And this isn’t any cupcake competition. Husan Longstreet’s a dawg. No. 1 dual-threat QB in some circles. Big energy. Confidence is loud. But that USC QB room is looking like LAX at rush hour. Sam Huard’s in there too—former five-star, bounced from UW to Cal Poly to Utah, now in Troy through the portal. Everybody wants the spot, but right now? Maiava got the aux cord, the keys, and the wheel.

Chad Bowden’s $923M message

Now, while Riley’s QB battle got Trojans fans glued to spring camp updates, behind the scenes, he’s playing chess—not checkers. And the biggest piece he moved in the off-season? Chad Bowden back in February. The GM who helped Notre Dame make it to natty packed up his bags and took his talents to Tinseltown. Lincoln didn’t just hire a GM—he bought himself a recruiter with heat.

Bowden isn’t pulling up on no discount either. USC dropped a million a year to lock him down—up from the $270K he was making in South Bend. This isn’t just a raise. This is an investment. The guy is tasked with selling a $923 million program to a portal flooded with 2,200 athletes. Let that marinate: USC is damn near a billion-dollar brand, and Bowden’s the one cooking the pitch.

He kept it real on Josh Pate’s pod: “Every kid wants to be the starter, wants to be the All-American, wants to be the first-round pick… but everybody’s past is different.” Translation? USC isn’t just selling starts. They sell in’ futures. And clearly, the pitch hitting. USC’s 2026 class is straight heat: No. 2 nationally. Two 5-stars, ten 4-stars, ten 3-stars. Bowden came in and flipped the script like a Jordan Peele plot twist.
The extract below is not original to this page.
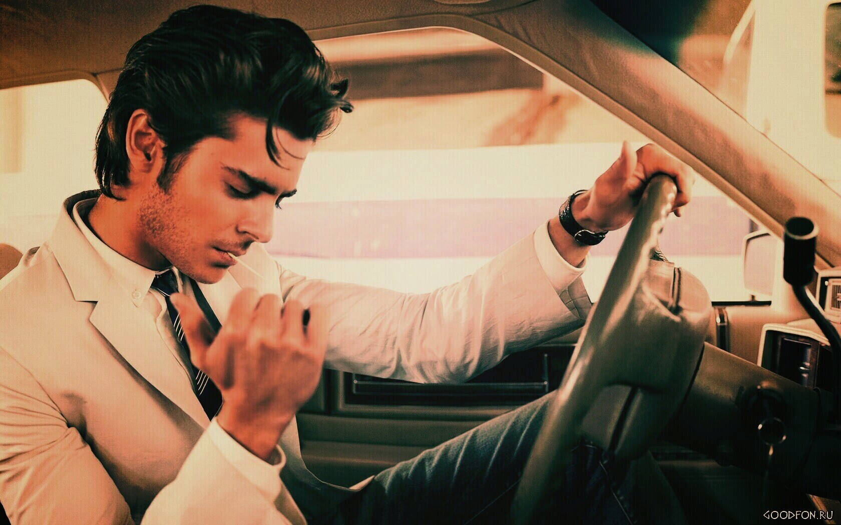 «Мужчина прикуривает в машине»

He said it himself back in March: “Going into the future of the new era of college athletics, we are going to be blazing the trail, [as] opposed to just being a part of it. We’re going to be the leaders in it.” Big talk. But he’s backing it. And Riley? Finally got a right-hand man that can move in silence but hit loud. Bowden also made one thing clear—Cali kids are the cheat code. “We recruit Cali kids who really understand what USC is about. Maybe only one out of four or five visitors will be all-in… but the goal is to stack enough of that one guy.”

So don’t let the 7-6 record fool you. Riley isn’t folding. Not with Bowden out here building like it’s Madden franchise mode. They might’ve lost Julian Lewis to Colorado, but they’re loading up on dudes who buy into the process, not just the spotlight. Bowden broke it down: “You have to put all your value into what USC can do for you and how we’re going to develop you.” That’s the gospel now. No more empty hype. Just value, vision, and vibes.

And maybe that’s the key. For all the pressure on Riley to bounce back in 2025, he’s finally moving like a CEO—not just a play-caller. Now, he’s got his QB1 for now. Got his recruiting wizard in place. Got a billion-dollar brand to flex. The question is—can all the pieces click before the Coliseum crowd starts getting restless again?